计算Bigram和差异的PMI
假设我有以下文本:
text = "this is a foo bar bar black sheep foo bar bar black sheep foo bar bar black sheep shep bar bar black sentence"
我可以使用NLTK计算BIGRAM的PMI,如下
bigram_measures = nltk.collocations.BigramAssocMeasures()
finder = BigramCollocationFinder.from_words(word_tokenize(text))
for i in finder.score_ngrams(bigram_measures.pmi):
print(i)
所示:
(('is', 'a'), 4.523561956057013)
(('this', 'is'), 4.523561956057013)
(('a', 'foo'), 2.938599455335857)
(('sheep', 'shep'), 2.938599455335857)
(('black', 'sentence'), 2.523561956057013)

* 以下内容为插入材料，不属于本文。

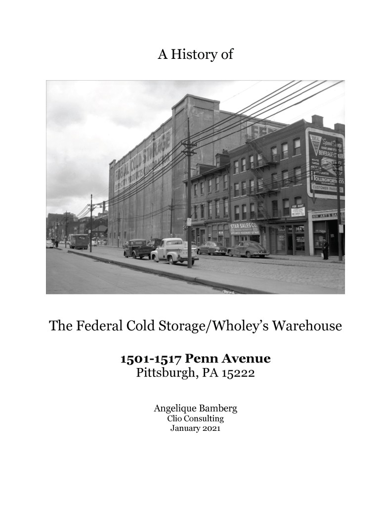 The consultant did not cite any historic newspaper, magazine, or trade journal coverage documenting the building’s history or the people who owned it, worked there, and did business inside its thick walls. In fact, despite copious information available in government databases and digital newspaper archives, the consultant was unable to connect the Pittsburgh building to its counterparts and corporate kin in other cities: “Deeds of transfer of the Federal Cold Storage Warehouse on Penn Avenue describe Federal Cold Storage as a Pennsylvania company based in Pittsburgh. It is not clear whether there is a relationship among these Federal Cold Storage warehouses or if the same name is a coincidence.”[18]

(('black', 'sheep'), 2.523561956057013)
(('sheep', 'foo'), 2.353636954614701)
(('bar', 'black'), 1.523561956057013)
(('foo', 'bar'), 1.523561956057013)
(('shep', 'bar'), 1.523561956057013)
(('bar', 'bar'), 0.5235619560570131)
现在:要检查自己的理解,我想为PMI('Black','sheep')找到PMI。 PMI公式为:
文本中有4个'黑色'实例,文字中有3个'绵羊'实例,黑色和黑色和绵羊来了总共3次,文本的长度为23。现在遵循我做的公式:
np.log((3/23)/((4/23)*(3/23)))
这给出了1.749199854809259而不是2.523561956057013。我想知道为什么这里有差异?我在这里想念什么?
Suppose I have the following text:
text = "this is a foo bar bar black sheep foo bar bar black sheep foo bar bar black sheep shep bar bar black sentence"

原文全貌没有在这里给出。